- [Assignment] Exactly the lines from the beginning of the listing below through the line that contains "Location! Location! Location!" should be transcribed, and pictures must stay out.

- [Information supplied]
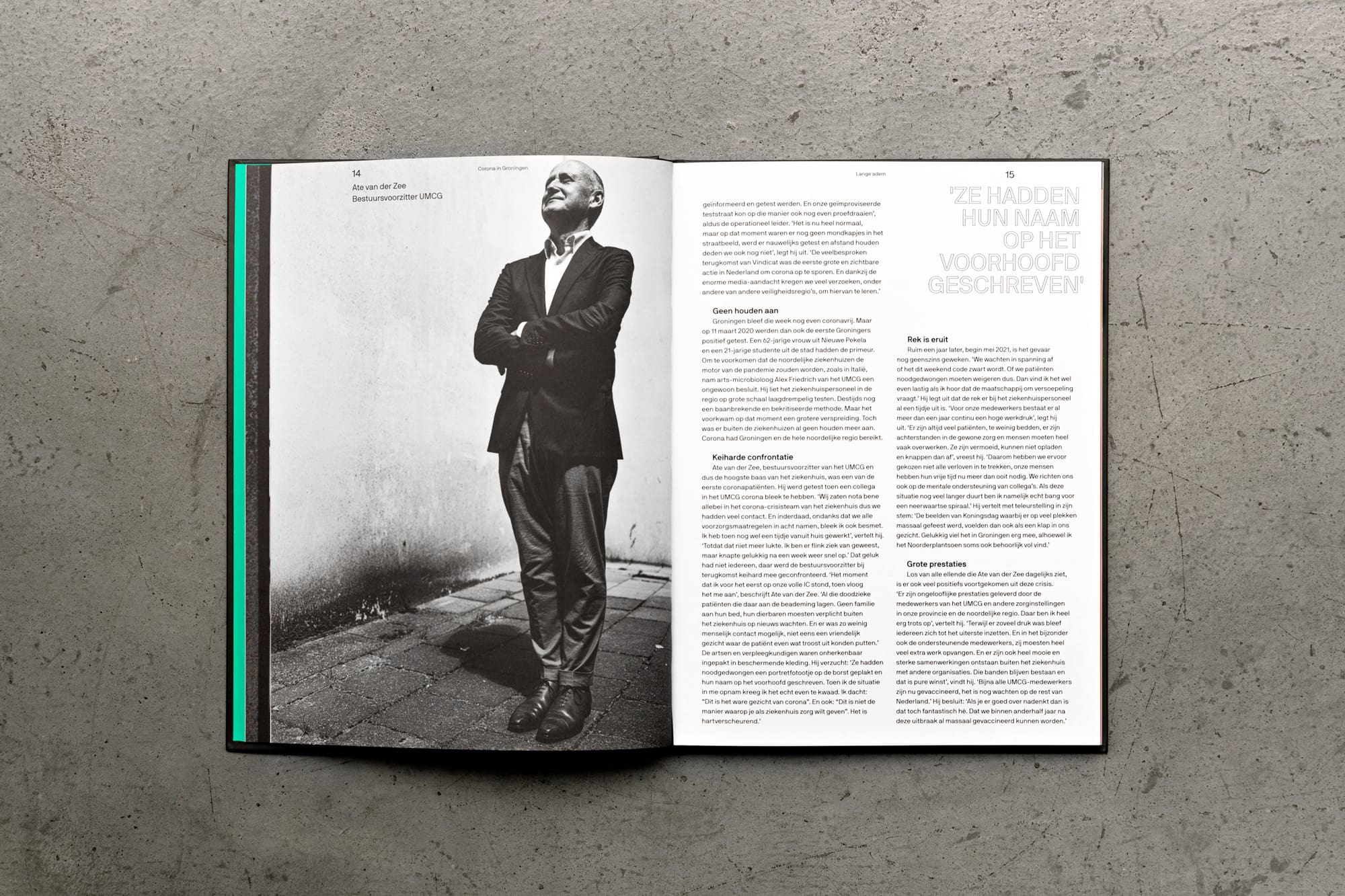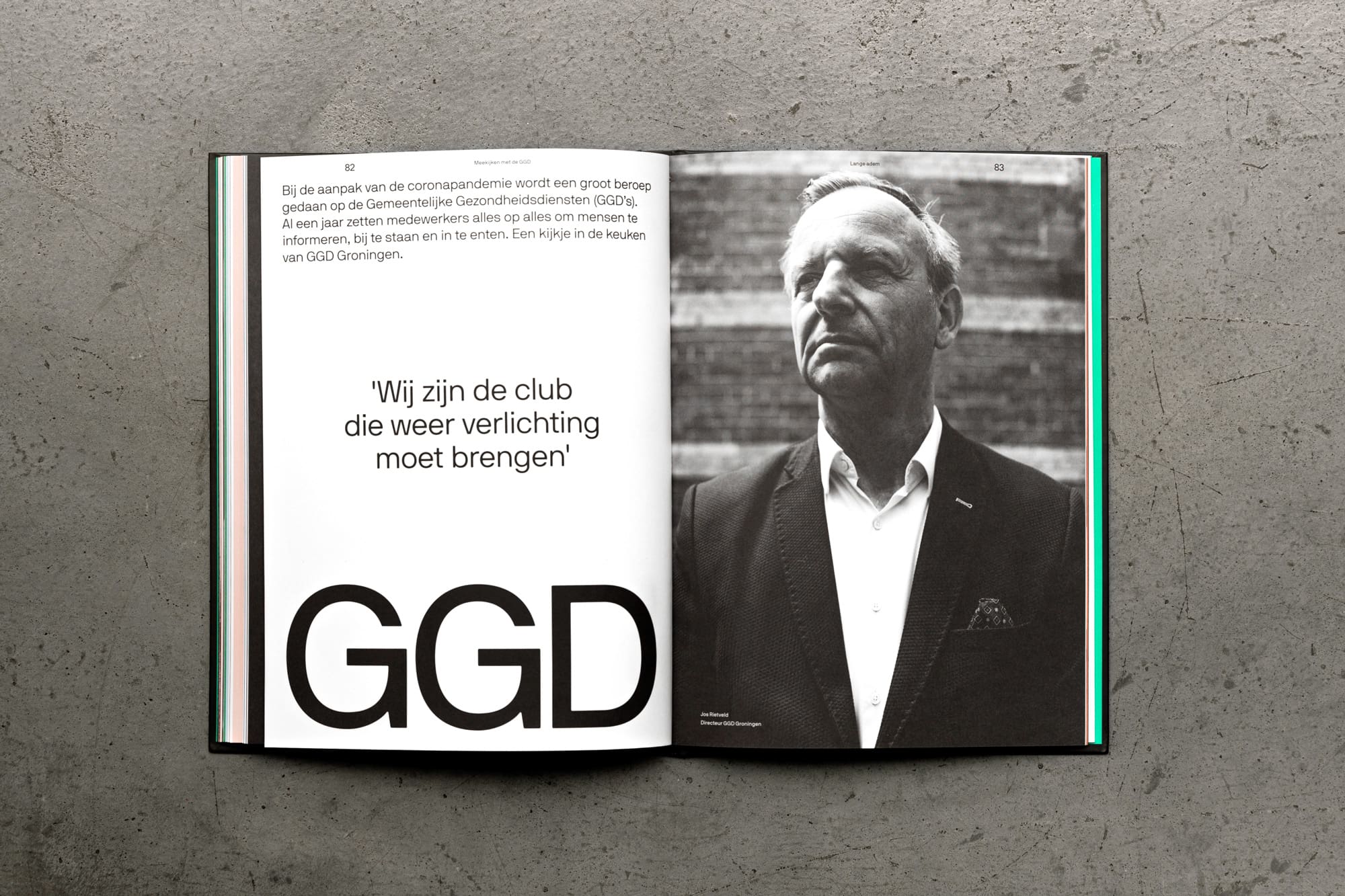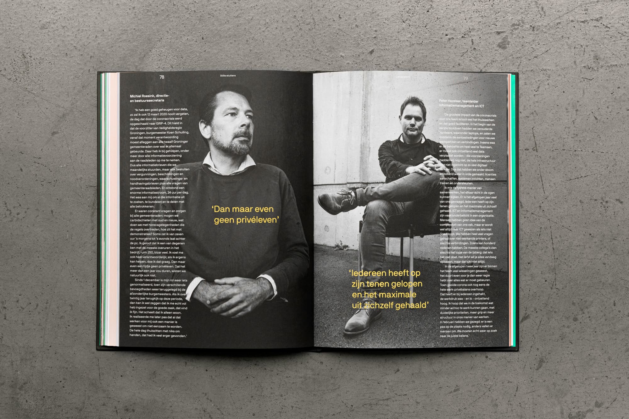 Het doel was om de verhalen ‘dicht op de mens’ en met Groningse eigenzinnigheid neer te zetten. En wie past daar beter bij dan fotograaf Joram Knol? Zijn indringende zwart-witfotografie vertelt samen met de teksten van journalisten Esther Walstra en Lieke van den Krommenacker een indrukwekkend verhaal. Aan het woord komen onder andere de rector van Vindicat (die de New York Times te woord moest staan na het beruchte skireisje), medewerkers van het geëvacueerde asielzoekerscentrum in Delfzijl en collega’s van VRG die zelf besmet raakten met het coronavirus.
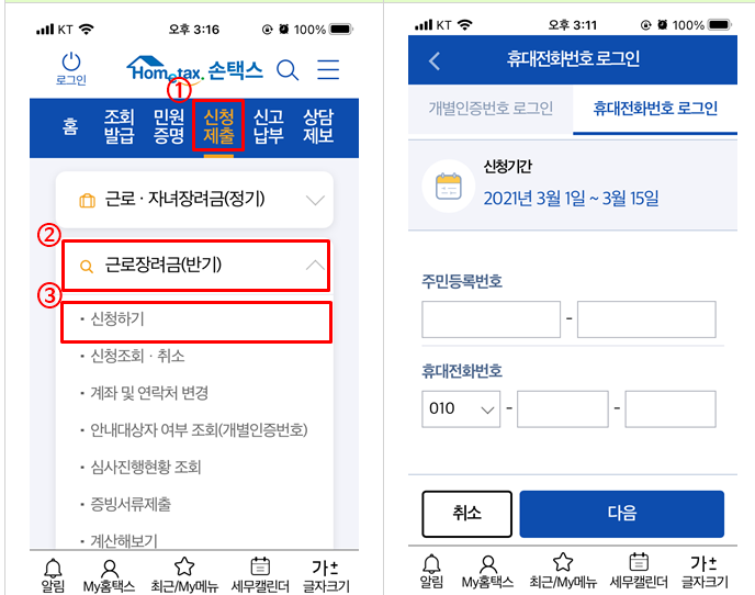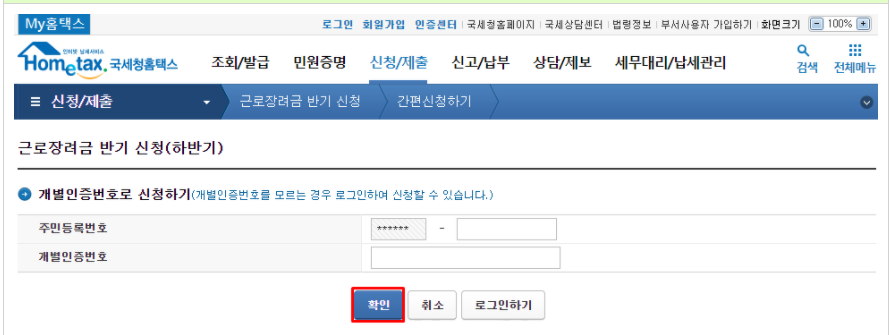 1) 홈택스 접속 → 로그인 → 신청/제출 → 근로장려금 반기 신청 → 신청하기 → 신청하기
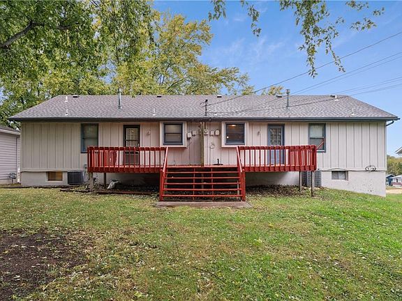 Location! Location! Location! GREAT REVENUE GENERATOR for Investors or Great for Owner-Occupants! Located in charming, historic Harrisonville and convenient to easy HWY access. Mere 20 minute commute to KC Metro. A+ location, only 1 block to elementary school. FULL DUPLEX includes: Each side had is a large raised-ranch style 2 Bedroom/2 Bath unit, with a 3rd non-conforming lower level bedroom, laundry room plus a 1 car attached garage. Some newer paint and ready to move-in for new occupants. Generous room sizes and nice layout for multi-use living. Each unit has private decks. Separate meters for each unit. Both UNITS ARE CURRENTLY VACANT. Easy to show.
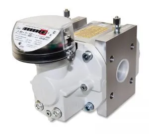 Принцип работы: счетчик газа ротационный RVG работает по принципу вытеснения строго определенного объема газа вращающимися роторами. Объем вытисненного газа определяется объемом измерительной камеры счетчика, образованной внутренней поверхностью корпуса и поверхностями двух синхронно вращающихся в противоположных направлениях роторов. Вращательное движение роторов через редуктор и магнитную муфту передается на 8-ми разрядный счетный механизм, который регистрирует число оборотов роторов, а следовательно и объем газа, прошедший через счетчик.

- [Reply to the task]
 Het doel was om de verhalen ‘dicht op de mens’ en met Groningse eigenzinnigheid neer te zetten. En wie past daar beter bij dan fotograaf Joram Knol? Zijn indringende zwart-witfotografie vertelt samen met de teksten van journalisten Esther Walstra en Lieke van den Krommenacker een indrukwekkend verhaal. Aan het woord komen onder andere de rector van Vindicat (die de New York Times te woord moest staan na het beruchte skireisje), medewerkers van het geëvacueerde asielzoekerscentrum in Delfzijl en collega’s van VRG die zelf besmet raakten met het coronavirus.
 1) 홈택스 접속 → 로그인 → 신청/제출 → 근로장려금 반기 신청 → 신청하기 → 신청하기
 Location! Location! Location! GREAT REVENUE GENERATOR for Investors or Great for Owner-Occupants! Located in charming, historic Harrisonville and convenient to easy HWY access. Mere 20 minute commute to KC Metro. A+ location, only 1 block to elementary school. FULL DUPLEX includes: Each side had is a large raised-ranch style 2 Bedroom/2 Bath unit, with a 3rd non-conforming lower level bedroom, laundry room plus a 1 car attached garage. Some newer paint and ready to move-in for new occupants. Generous room sizes and nice layout for multi-use living. Each unit has private decks. Separate meters for each unit. Both UNITS ARE CURRENTLY VACANT. Easy to show.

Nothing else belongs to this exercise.